Frankly, I am only resisting calling this Transcendent due to my suspicion that my recent grass-roots volunteer experiences may be coloring my reaction. Thanks Lauren?
Played: 10/10/22
Playtime: 15min, finished
Artistic/Technical rankings: Engaged/Seamless
Would Play Again? Sadly, living it
Artistic scale: Bouncy, Mechanical, Sparks of Joy, Engaging, Transcendent
Technical scale: Unplayable, Intrusive, Notable (Bugginess), Mostly Seamless, Seamless
Adapted from an IFCOMP22 Review
So right out of the gate, I knew I wanted good things for this game. After the legally mandated Noir-first-sentence-about-rain, and before anything else, it called me a “Bubble Gumshoe.” The noise I made in the privacy of my own home you have no choice but to call laughter because you didn’t hear it. This entry committed to the bit without question. If you have a low sugar or pun tolerance, this is not the game for you.
Gameplay itself is infrequently searching 6 or 7 locations for clues, but mostly interviewing 4 maybe 5 NPCs depending on how you score it. Then trying to piece together additional things to ask others based on the answers. Cycle through NPCs until ready to Accuse. The dialogue and character business is bizarre and fun, like the Toblerone who smokes candy cigarettes without arms. Because, y’know, no arm candy. (badoom-CH) It was fun for a while poking at characters to see what they could answer and how, and often rewarding to do so.

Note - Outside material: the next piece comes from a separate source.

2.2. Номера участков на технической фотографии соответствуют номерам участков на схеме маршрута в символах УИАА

But then there was a turn. When the topic pool started to dry up, you would cycle through, hear the same things again and get nothing new. Then, the fact that all NPCs use the same, generic, “is no reply” when you ask something they don’t know starts to grate. Searching for clues in unimplemented nouns starts to grate. Asking the owner of a candy strip club about their VIP Lounge and having them say “I wouldn’t know about that” is just lolwut? I mean if not you, who WOULD know? Asking a character about the wedding they JUST TOLD YOU ABOUT and having them give no answer… you get it. I got stuck and I redirected my humiliation to anger at the NPCs.

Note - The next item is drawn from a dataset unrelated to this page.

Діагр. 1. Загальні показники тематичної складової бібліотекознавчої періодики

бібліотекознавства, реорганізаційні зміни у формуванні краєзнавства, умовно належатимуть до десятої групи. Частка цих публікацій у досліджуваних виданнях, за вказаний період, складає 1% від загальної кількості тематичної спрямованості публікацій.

Mystery IF has a big issue to address, what do you do with insufficiently clever players? Tonight, I will be playing the part of the Insufficiently Clever. Y’know, strictly as a public service. If the mystery hinges on the player asking one specific thing to one specific NPC, you have to at least give a thought to your humble servant who just won’t think of it. The tried and true brute force solution is a hint system, either metagame or in-story (Donut could have admirably served this purpose.) Walkthroughs are even MORE brute force, also established technologies. More elegantly, I recently read some insanely well-thought-out RPG advice that proposed always leaving three clues to every mystery story chokepoint. If you want to get super fancy, design multiple paths with intersecting information chokepoints, each with their own trio of entries! The idea being much harder to miss 3 clues than just one. It seems like there could even be some kind of ‘player not making progress’ algorithm out there, just waiting to be discovered.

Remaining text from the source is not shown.